Hopefully Wurkkos will take the lessons learned from the TS10 and KR4, and make it a bit less finicky without having to resort to gluing the tailcap. And I think the issue is that the tailcaps are made a fraction of a millimeter too long in an attempt to narrow the gap where the o-ring is, or at least specced close enough that the normal variation in CNC machining can push some likes across that line into fussiness.
I think usually they make the inner tube a little longer, and don’t anodize the threads on the outer tube where it’s supposed to be closed/opened, so that both tubes reliably make contact despite tolerances. Downside of that is, that the battery makes contact before the switch does, which can lead to weird behavior. I think FWxx needed a firmware hack so they wouldn’t fac reset at every battery change.
Edit: this also leads to recommendations to only open either one or the other side - if one side has anodized threads, you shouldn’t open/losen it, as if you tighten the un-anodized one first, the other won’t make contact anymore if the inner tube is a bit longer. Confused me a lot for a while why manufacturers tell to only open one thread and not the other.
Anodizing the ends would be problematic, so I assume there is some post-anodizing work on both ends of the signal and battery tubes to ensure bare-metal contact.
I’m a bit more concerned with the tolerances involved and how they might stack if there is no spring involved to allow for more leeway. The signal tube spring in the head of the KR4 allows for more of a mismatch between the battery and signal tubes than the TS10. The TS10 manages with just the spring in the tailcap for the battery, which mildly impresses me. As a machinist who usually worked to a ±0.005" (±0.127mm) tolerance, I can see how that may potentially lead to the sort of tolerance-stacking that could cause problems even with parts that are technically within specs.
I suspect that part of the reason I avoid the issues that some have, especially with TS10’s, is that I have “optician thumbs”. Take a pair of “plastic”-framed glasses and try popping the lenses out and then back in again. Many find it hard, but I find it routine. I think that that should give you a clue as to my grip strength, along with implications about how that may skew my perspective of how much force is required to make an Anduril light with a tailswitch and signal tube reliable. Despite that though, I’m still mildly impressed that the TS10 is pretty reliable despite lacking a spring for the signal tube like the KR4; it implies a degree of craftsmanship not normally seen at that price-point. Take it from someone who has made many wing-spars for Boeing aircraft and parts for SpaceX rocket engines that have had looser tolerances and higher price tags.

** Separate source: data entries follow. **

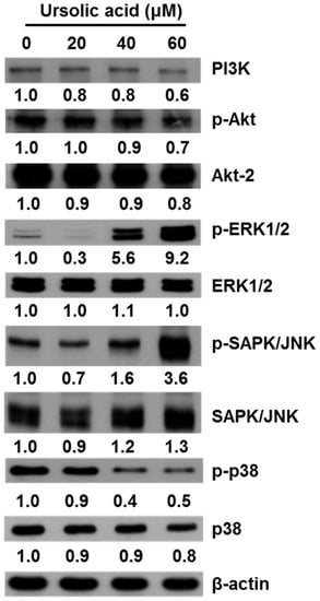 The mitogen-activated protein kinase (MAPK) pathway, which includes the signaling molecules ERK, JNK and p38, plays a critical role in cell proliferation, growth, differentiation, migration, and apoptosis [27]. To examine the molecular mechanisms of UA on apoptosis in SK-Hep-1 cells, we used western blot to detect the expression of PI3K, p-Akt, Akt-2, p-ERK1/2, ERK1/2, p-JNK, JNK, p-p38, and p38. We found that cells treated with various concentrations of UA (20, 40, and 60 μM) for 24 h had significantly higher levels of p-ERK1/2 and p-JNK protein expression than untreated controls and decreased the level of PI3K, p-Akt and p-p38 (Figure 8).
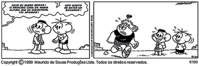 III. Na primeira fala ("Hoje eu quero brigar!), a forma verbal "quero" sugere que não há motivos para a briga, apenas é uma vontade do personagem.
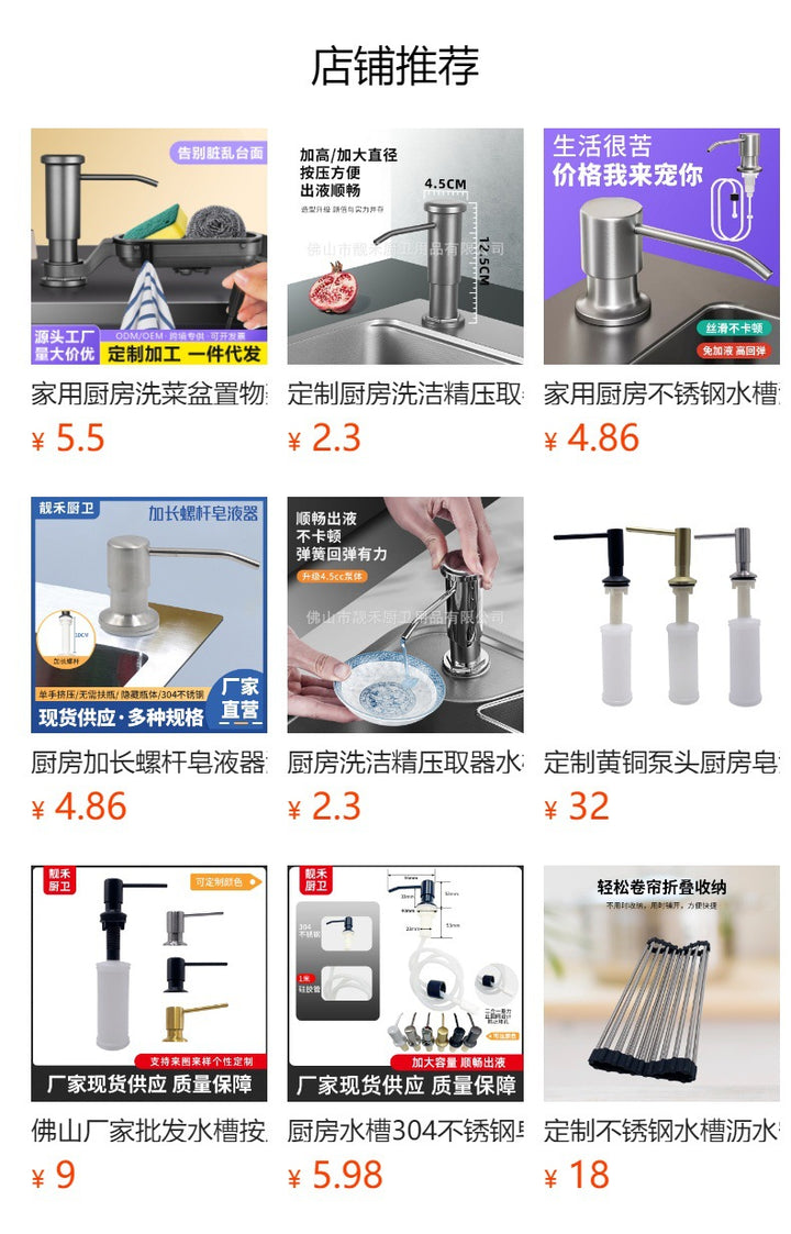 Household and commercial thickened 304 stainless steel press soap dispenser, sink sink detergent extender, soap dispenser

The threads are irrelevant as the tube ends are the actual contact points. So long as the machinists allow a little extra space for a few microns of anodizing without seizing the threads, bare the tube ends afterwards to allow for electrical contact, and make sure everything the tubes can make contact with the rings in the head and tailcap without requiring strap wrenches to torque it all down, I’m happy.

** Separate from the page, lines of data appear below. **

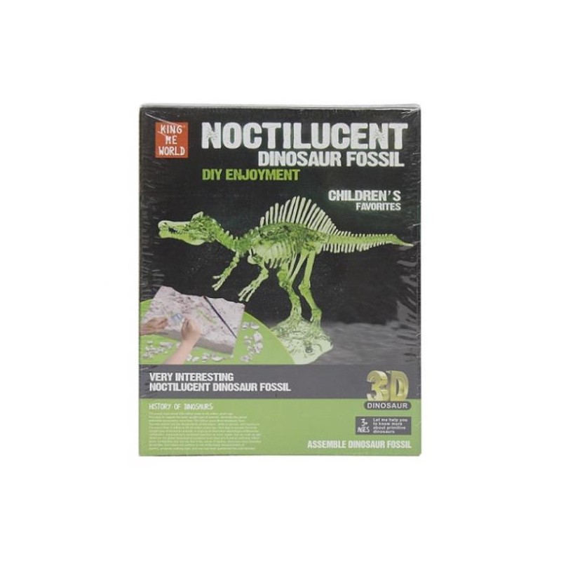 Złóż wykopane kości dinozaura, aby zbudować model dinozaura o długości około 18-28 cm, który świeci w ciemności. Za pomocą pędzla trzeba wyczyścić wykopany szkielet, który świeci w ciemności.
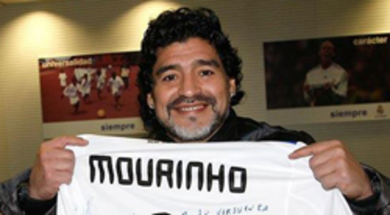Mourinho firma una camiseta a su ídolo "Don Diego"
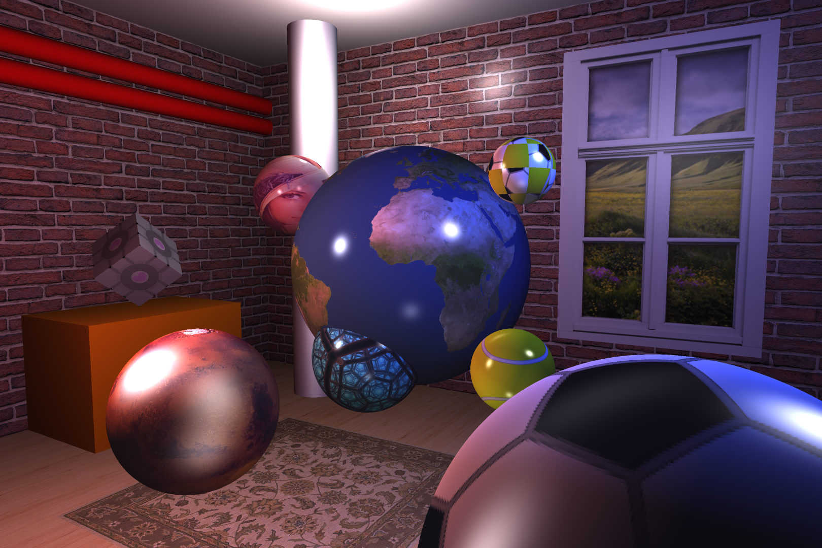 Durant ma 1ère année de Master 3D&JV à l'ESGI, j'ai réalisé un moteur de rendu de raytracing en C++ from scratch. Ce moteur est paramétrable, permet de charger différentes scènes, de rendre différentes primitives tel qu'un cube, une sphère, un cylindre, un plan et un cone, et est partiellement optimisé avec l'implémentation d'instructions SIMD (SSE1).
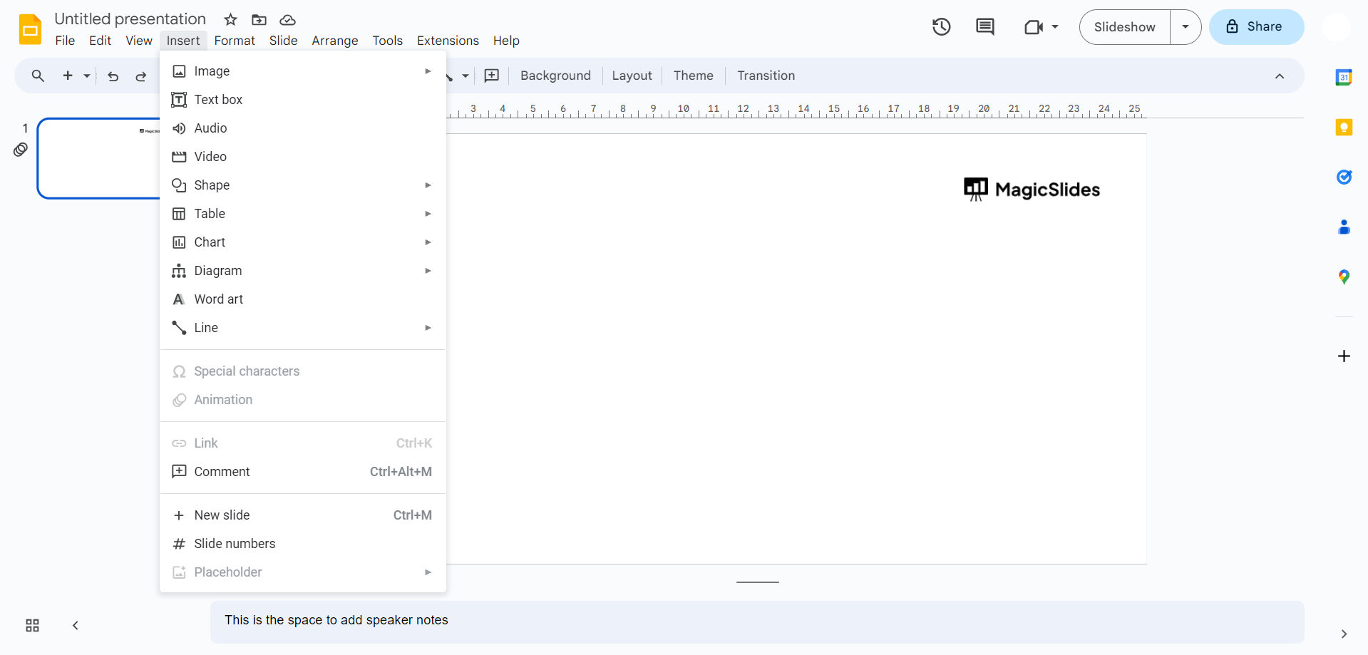 Begin your journey by accessing the 'Insert' menu located on the menu bar at the top of your Google Slides interface. A pivotal starting point, this menu is your gateway to a plethora of elements that can elevate your presentation.

I think you misunderstand the function of the inner tube. The inner tube carries the switch signal to the driver (e-switch). The outer tube carries the power to the driver/led.
Hi Terry, with the TS10 being a 14500 triple emitter, wouldnt the TS10 MAX be more interesting if it was a quad emitter (even CSP’s) being a 18650 flashlight? The design looks awesome too
You have it backward. Stick a battery in the body without the head. Check voltage with a DMM. The inner tube will always show voltage, the body threads only when depressing the switch.
I don’t think Wurkkos would source FFL LEDs - they are a competing flashlight company, not a LED manufacturer. Also, their differences between batches seem to be crazy big in tint, so not a good choice if you need a steady, reliable supply of same LEDs.
Quad Carclo with tint shift would be really cool though. 2700K + 5700K 519A maybe. Should end up ~2000K + 4500K if dedomed.